Na calada da noite, a protagonista de “Memória”, novo filme de Apichatpong Weerasethakul (“Tio Boonmee, Que Pode Recordar Suas Vidas Passadas”), acorda com um barulho. Ela está desperta e sabe, de forma inata, que nada será como antes. Infelizmente, a mesma sensação não deve contagiar o público da produção. Exibido no Festival Internacional de Cinema de Karlovy Vary deste ano depois de sua estreia em Cannes, o longa tem tudo o que os fãs do diretor desejam, mas seu ritmo soporífero deve alienar as demais plateias.

Nele, Jessica (Tilda Swinton) é uma britânica na Colômbia tocando um negócio de venda de flores enquanto sua irmã Karen (Agnes Brekke) se recupera de uma doença em um hospital. Ela começa a ouvir pancadas secas e estridentes que ninguém mais percebe e parte em uma investigação pessoal para entender o que está acontecendo consigo. Eventualmente, Hernán (Juan Pablo Urrego), um jovem técnico de som, começa a lhe dar boas pistas.

SWINTON EM ISOLAMENTO

Weerasethakul, dirigindo pela primeira vez fora de sua nativa Tailândia, encontra em Swindon uma colaboradora e tanto. A milhas do frenesi de sua colaboração com Almodóvar no ano passado, “A Voz Humana”, a atriz entrega aqui uma atuação controlada e gélida, através da qual nada sobre Jessica é informado de maneira clara. Ainda que Swinton arranhe um espanhol convincente, sua interpretação sugere um isolamento diante da terra estrangeira que vai além da linguagem.

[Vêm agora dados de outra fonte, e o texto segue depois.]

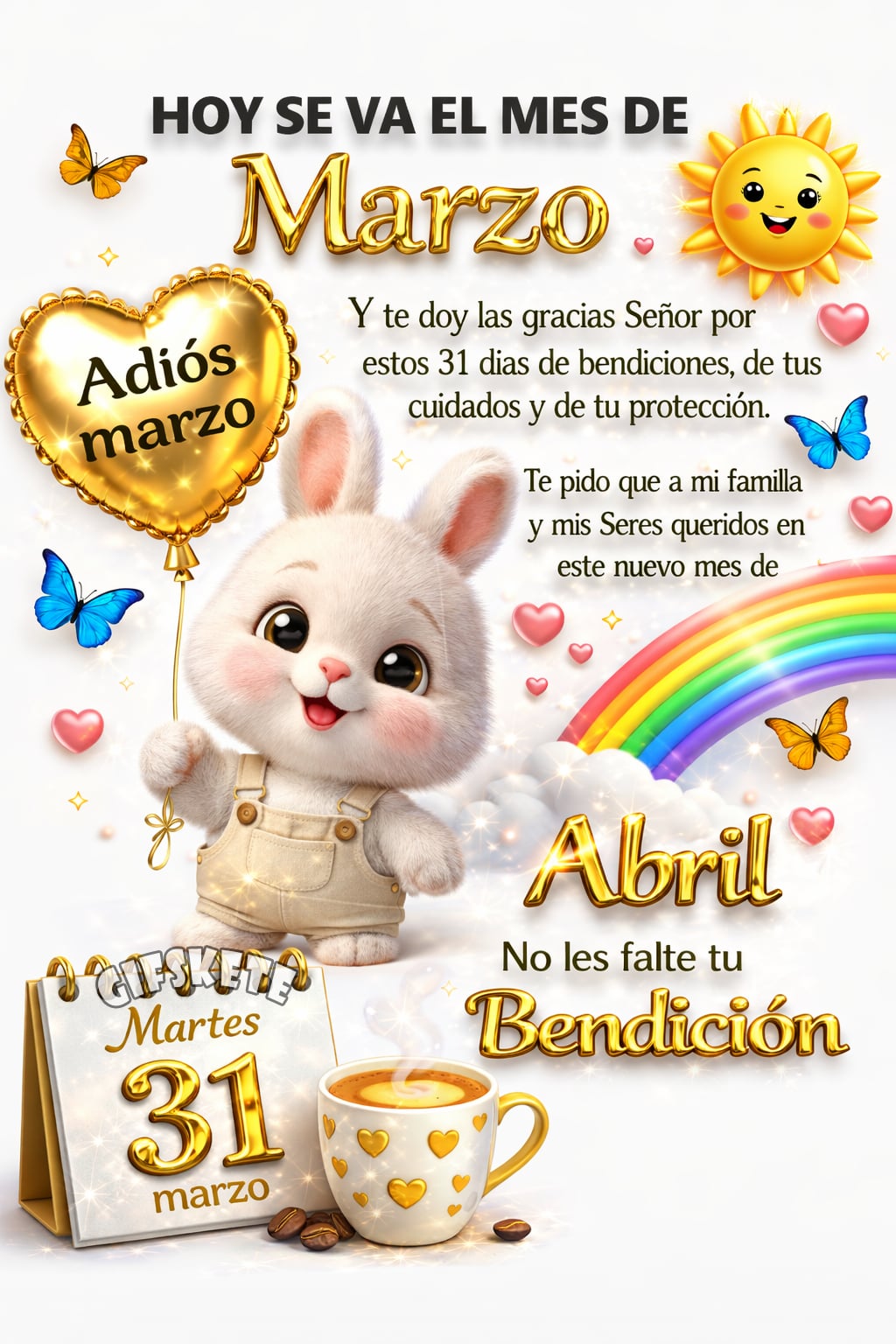 HOY SE VA EL MES DE MARZO. Adiós, marzo. Y te doy las gracias, Señor, por estos 31 días de bendiciones, de tus cuidados y de tu protección. Te pido que a mi familia...

Este viés não é particularmente novo para o diretor, cuja obra se ocupa largamente do espaço psicológico de personagens solitários. Suas cenas lentas e silenciosas conferem um misticismo e um tom sobrenatural ao que acontece em seus filmes. Isso aparece em “Memória” quando Jessica se choca ao descobrir que Hernán aparentemente nunca existiu, mas encontra um outro Hernán (Elkin Dias), mais velho, que partilha uma conexão com ela.

O talento de Swinton em envolver o espectador, bem como a estrutura da história, geram um desejo por respostas que é frustrado pela absoluta resistência do roteiro, assinado pelo cineasta, em oferecê-las. Sempre que ela parece descobrir alguma coisa sobre sua condição, a ação muda de foco. Quando, no terceiro ato, o ritmo desacelera ainda mais, ela encontra o Hernán velho e uma conclusão parece se aproximar, um novo fato é jogado na trama e remove qualquer certeza.

ROTEIRO E SUAS PONTAS SOLTAS 

“Memória”, ao se manter atento aos fenômenos naturais que circundam Jessica, é mais bem-sucedido na atmosfera e tem sua leveza. O cineasta pinta a Colômbia em tons cinzas e penumbrais, constantemente sob chuva forte. Mesmo quando a busca da personagem de Swinton a tira dos centros urbanos de Bogotá e Medellín e a remete ao coração do país, o clima nebuloso permanece como um lembrete de que há algo se desenhando por trás da aventura da protagonista.

Esse pano de fundo, combinado com a natureza investigativa de Jessica, tornam o longa uma espécie ultralenta de filme noir – porém, isso não casa com o estilo do diretor, que favorece ambiência à narrativa. O cinema de Weerasethakul é, sobretudo, um cinema de sugestão e possibilidades – o que não é algo ruim – mas há tantas pontas soltas na costura de “Memoria” que ele acaba, como sua personagem principal, perdido em si mesmo.